Музей Ван Гога, Амстердам
Перед нами не приглашение в глубину пространства, но, скорее, преграда, занавес; оптически нас не увлекает вперед, но втягивает в сверкающую стену густо наложенной краски. Именно это ощущение, что ты заживо поглощен и природой, и красочным слоем одновременно, и было целью Винсента Ван Гога с того самого момента, как он впервые взял в руку кисть на берегу моря в Схевенингене и в темных влажных болотах Дренте. Художник годами пытался воплотить идею полного растворения в животворном водовороте природы – пьянящая сила этого чувства должна была изгнать из современной жизни одиночество. Идея эта близка поразительному откровению Толстого о том, что смысл жизни есть не больше и не меньше как ежедневное ее проживание, осознание потока будней и возвышение его до точки величайшей радости. Увы, для несчастного Винсента величайшая радость порой ничем не отличалась от величайшей боли.
XII
Дальнейшее отнюдь не было молчанием. Из последних писем Ван Гога становится очевидно: мысль о предательстве Тео и Йоханны, страх перед необходимостью самостоятельно пробивать себе дорогу теперь, когда к нему пришло признание, – притом что он по-прежнему был подвержен припадкам эпилепсии и приступам маниакально-депрессивного психоза – все это заставило Винсента взять с собой 27 июля не кисти, но пистолет. Застрелиться из огнестрельного оружия было, видимо, непросто, и если он целился в сердце, то попасть в него не сумел. Ван Гог, прихрамывая, побрел обратно, в кафе Раву. Мадам Раву не удивилась – художник частенько прихрамывал. И лишь когда ей показалось, что пора постучаться-таки к нему в комнату и поинтересоваться его самочувствием, и в ответ на это прозвучали тихие стоны, а затем робкое признание, мол, ушел в поле и выстрелил в себя, женщина поняла, что произошло. «Не волнуйтесь, – произнес Винсент, – ничего серьезного».
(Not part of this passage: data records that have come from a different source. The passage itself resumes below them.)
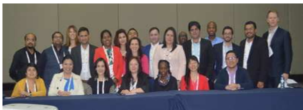
A group photo of early career psychiatrists taken at the International Congress of the WPA in Mexico City, September 27-30, 2018

The first mandate year of the board which started in the 2017 WPA Congress in Berlin, has passed by. The year was full of exciting activities, networking, hard work, but also fun. We are happy and proud for all we have done so far, and looking forward to the exciting years ahead. Establishing international and interdisciplinary collaboration, making scientific research, organising expert events, delivering information, learning from each other, helping our members - especially when it comes to learning and working possibilities, as well as position of trainees and young psychiatrists worldwide... But the far most satisfying has been having the opportunity to see the section of the ECPs grow, colleagues from all over the world share their experiences, help each other, and work together.
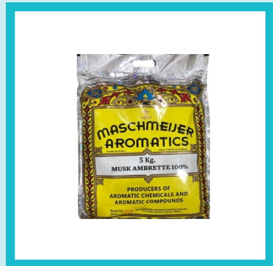
Aromatic Chemical And Aromatic Compound
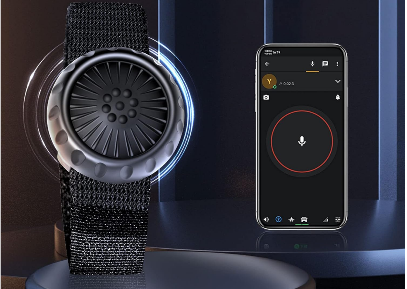
Image: The Zello PTT button, designed to be paired with the Zello application for hidden push-to-talk functionality.
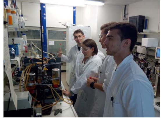
Fig. 3. Working in Microbiological lab

7) Establishment of the biomining laboratory. In 2017, the biotechnological lab at the Department of Ecology and Environmental Technologies of DUT was launched. It allowed students to carry out basic experiments related to bioindication and environmental risk assessment.
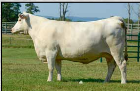
Eatons Brusset 10722 Polled ♦♦ Dam of Lot 23

A well-made, thick, square hipped, easy keeping female here that is an outcross on the top side of her pedigree being out of the famous M6 breeding program in Texas, but still having the dependable LT Bridger 9191 daughter on the bottom along with more SF - Satterfield Farms cow power to boot. Then turn to her power performance EPDs where she ranks in the top of the breed with these numbers; top 15% for WW, 20% for YW, 25% for MTL, REA & MARB in the top 35% of the breed and top 20% for TSI. Her 2018 daughter sired by RBM Fargo Y111 was a high performing female coming in with an adjusted weaning weight ratio of 111 and remains in the herd to keep these genetics in the herd.
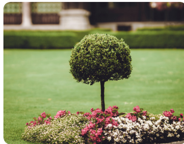
Residential and Commercial Lawns and Gardens
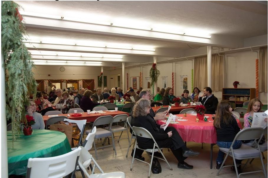
The Christmas Party
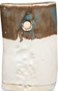
PC-27 Tourmaline over C-10 Snow
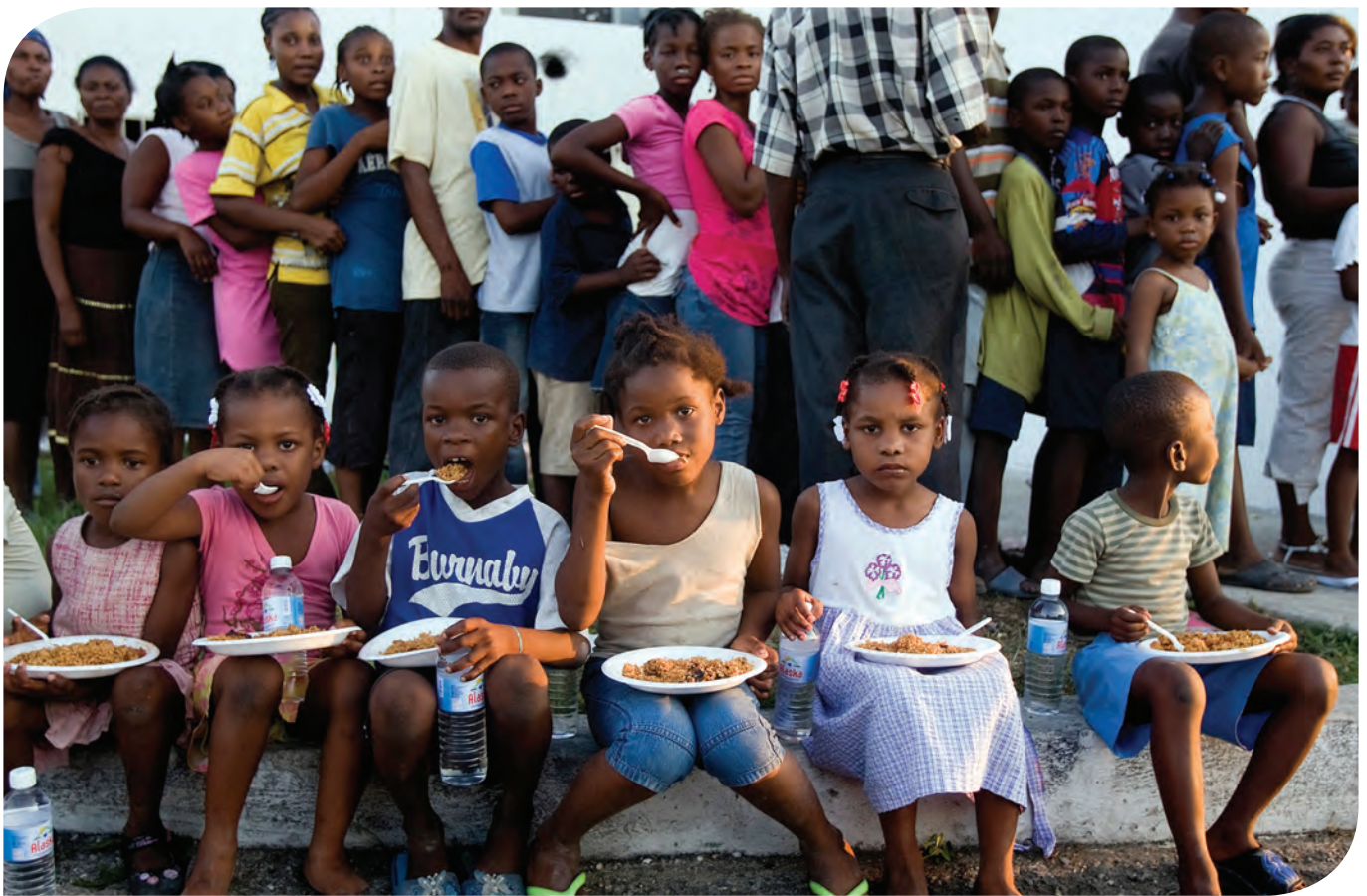
Children in Cité Soleil receive meals

Вместо того чтобы доставить художника в ближайшую больницу, послали за местным врачом – доктором Гаше, гомеопатом, адептом исцеления силой «положительных эмоций», и это оказалось роковой ошибкой. Вечером того же дня Хиршиг – еще один голландский художник, живший в Овере, уже стучал в дверь квартиры Тео на Монмартре. Прибыв в пансион Раву, он нашел брата сидящим на постели с трубкой. Какое-то время братья сидели и тихо беседовали, Тео был еще полон оптимизма и думал, что рана заживет. Но у Винсента началось заражение крови, он впал в бессознательное состояние и спустя два дня умер. 30 июля скромная похоронная процессия дошла по жаре до развилки в поле – того места, где Винсент Ван Гог совершил переворот в живописи. На похороны прибыли папаша Танги и Люсьен Писсарро – друзья, которые понимали, что художник покончил с собой как раз в тот момент, когда вся его жизнь начинала меняться к лучшему.